● WORK INSTRUCTION: In the listing below, a line holding "三沢 代志江さんを姓名の画数から五運を鑑定" and a line holding "Podczas projekcji ekran" mark the range. Retype both exactly, with all lines between them.

● GIVEN DATA:
▼

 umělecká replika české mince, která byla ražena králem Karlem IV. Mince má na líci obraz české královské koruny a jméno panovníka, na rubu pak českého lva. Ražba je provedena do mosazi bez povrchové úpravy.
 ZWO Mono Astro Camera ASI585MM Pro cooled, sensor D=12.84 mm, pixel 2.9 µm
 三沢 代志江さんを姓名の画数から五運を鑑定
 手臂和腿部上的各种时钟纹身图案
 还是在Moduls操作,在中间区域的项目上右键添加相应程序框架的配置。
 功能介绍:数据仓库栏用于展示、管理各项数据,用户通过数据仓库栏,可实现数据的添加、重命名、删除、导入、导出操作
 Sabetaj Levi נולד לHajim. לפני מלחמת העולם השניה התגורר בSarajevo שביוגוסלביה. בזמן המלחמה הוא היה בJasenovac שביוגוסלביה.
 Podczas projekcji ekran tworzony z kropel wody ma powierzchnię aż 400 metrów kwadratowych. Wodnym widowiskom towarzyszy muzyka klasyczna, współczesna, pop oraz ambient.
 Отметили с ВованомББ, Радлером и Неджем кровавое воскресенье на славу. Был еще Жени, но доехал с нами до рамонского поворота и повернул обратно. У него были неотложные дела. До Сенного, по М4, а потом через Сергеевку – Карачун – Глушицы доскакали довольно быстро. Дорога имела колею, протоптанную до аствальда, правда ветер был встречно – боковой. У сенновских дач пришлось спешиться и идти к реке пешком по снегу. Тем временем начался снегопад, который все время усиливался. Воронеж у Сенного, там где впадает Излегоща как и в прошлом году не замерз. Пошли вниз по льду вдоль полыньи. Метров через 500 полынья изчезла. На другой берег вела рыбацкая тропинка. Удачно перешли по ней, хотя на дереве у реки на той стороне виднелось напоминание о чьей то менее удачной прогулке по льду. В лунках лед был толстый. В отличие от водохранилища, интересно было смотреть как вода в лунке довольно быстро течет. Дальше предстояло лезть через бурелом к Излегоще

▲
▼

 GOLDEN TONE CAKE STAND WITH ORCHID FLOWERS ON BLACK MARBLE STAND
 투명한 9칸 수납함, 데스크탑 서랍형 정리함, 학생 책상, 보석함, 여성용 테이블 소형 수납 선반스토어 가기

▲

● THE COMPLETED TASK:
 三沢 代志江さんを姓名の画数から五運を鑑定
 手臂和腿部上的各种时钟纹身图案
 还是在Moduls操作,在中间区域的项目上右键添加相应程序框架的配置。
 功能介绍:数据仓库栏用于展示、管理各项数据,用户通过数据仓库栏,可实现数据的添加、重命名、删除、导入、导出操作
 Sabetaj Levi נולד לHajim. לפני מלחמת העולם השניה התגורר בSarajevo שביוגוסלביה. בזמן המלחמה הוא היה בJasenovac שביוגוסלביה.
 Podczas projekcji ekran tworzony z kropel wody ma powierzchnię aż 400 metrów kwadratowych. Wodnym widowiskom towarzyszy muzyka klasyczna, współczesna, pop oraz ambient.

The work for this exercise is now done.